• Task: Every line below from the one containing "YOU DON'T DRINK" through the one containing "гладкой и сияющей." is to be printed exactly, with the pictures omitted.

• The input:
'''
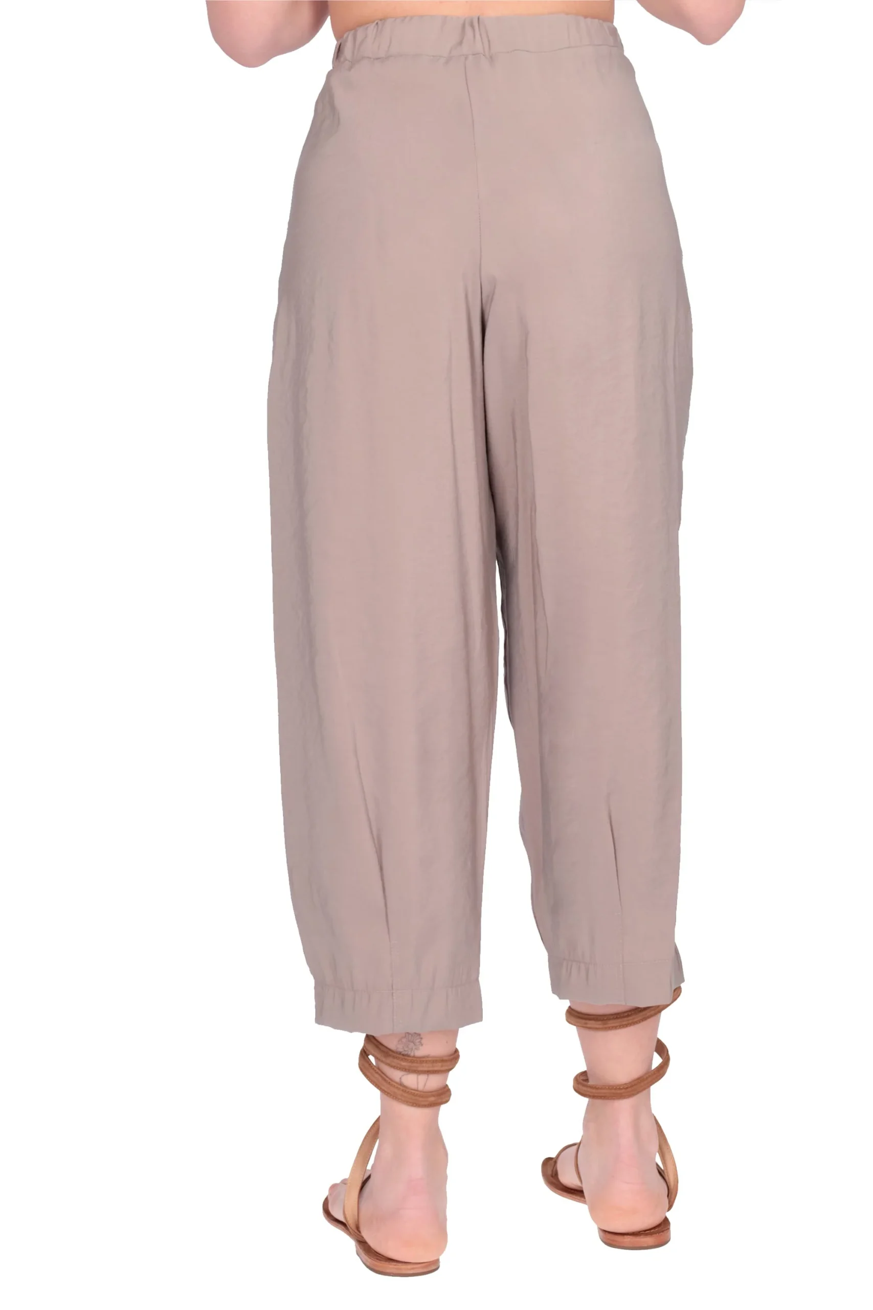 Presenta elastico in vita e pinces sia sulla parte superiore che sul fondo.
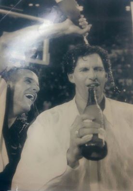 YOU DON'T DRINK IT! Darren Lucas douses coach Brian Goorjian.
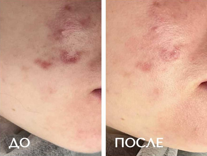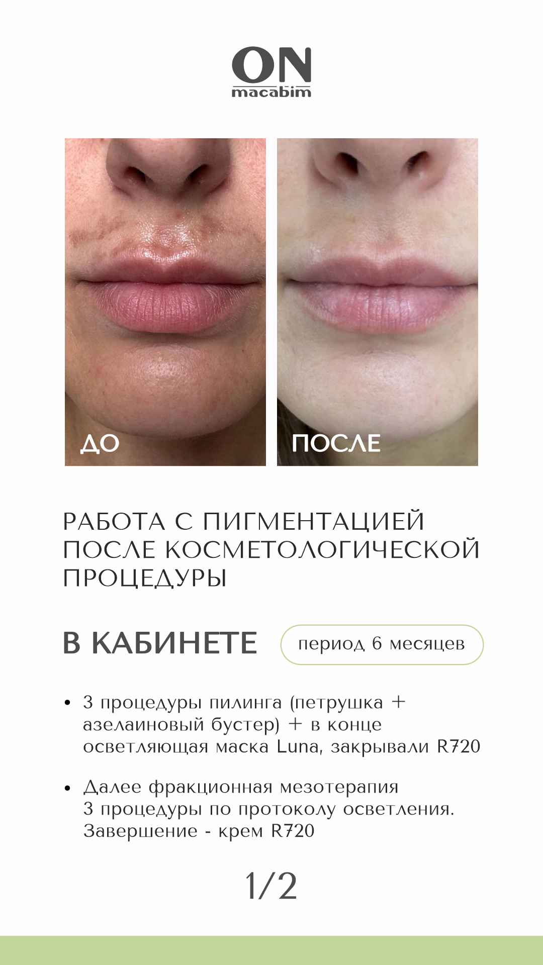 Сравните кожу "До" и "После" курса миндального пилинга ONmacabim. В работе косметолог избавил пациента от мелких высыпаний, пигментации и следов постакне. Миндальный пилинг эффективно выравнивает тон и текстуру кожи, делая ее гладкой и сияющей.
'''
'''
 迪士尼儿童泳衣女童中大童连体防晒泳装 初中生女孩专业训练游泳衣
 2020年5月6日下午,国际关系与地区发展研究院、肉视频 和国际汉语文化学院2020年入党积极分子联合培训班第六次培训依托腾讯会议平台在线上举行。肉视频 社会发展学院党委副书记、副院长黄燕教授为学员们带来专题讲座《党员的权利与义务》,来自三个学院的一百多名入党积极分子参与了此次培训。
'''
'''
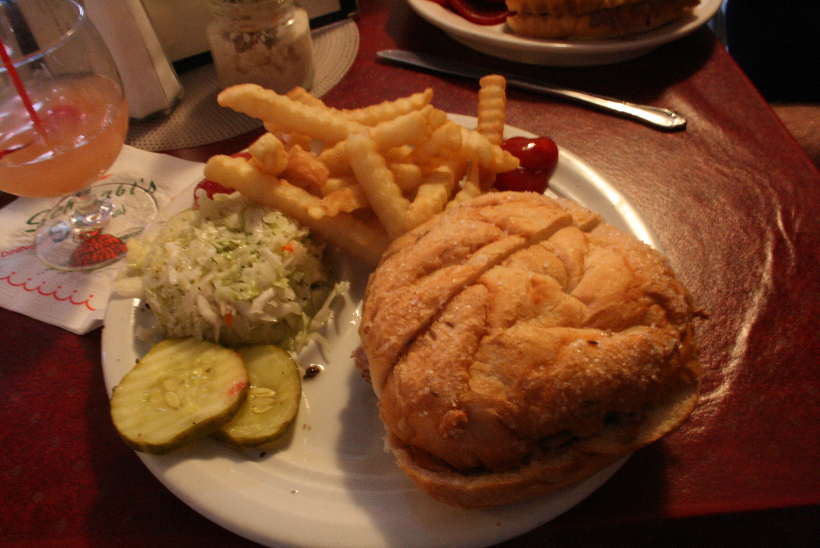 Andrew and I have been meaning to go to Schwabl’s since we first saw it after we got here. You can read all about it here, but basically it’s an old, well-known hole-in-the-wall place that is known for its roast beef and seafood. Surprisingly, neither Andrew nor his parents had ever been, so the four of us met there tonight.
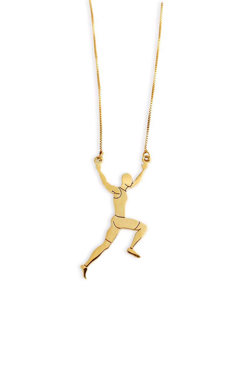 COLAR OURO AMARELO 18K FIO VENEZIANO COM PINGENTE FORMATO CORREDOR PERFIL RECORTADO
'''
• Answer section:
 YOU DON'T DRINK IT! Darren Lucas douses coach Brian Goorjian.
 Сравните кожу "До" и "После" курса миндального пилинга ONmacabim. В работе косметолог избавил пациента от мелких высыпаний, пигментации и следов постакне. Миндальный пилинг эффективно выравнивает тон и текстуру кожи, делая ее гладкой и сияющей.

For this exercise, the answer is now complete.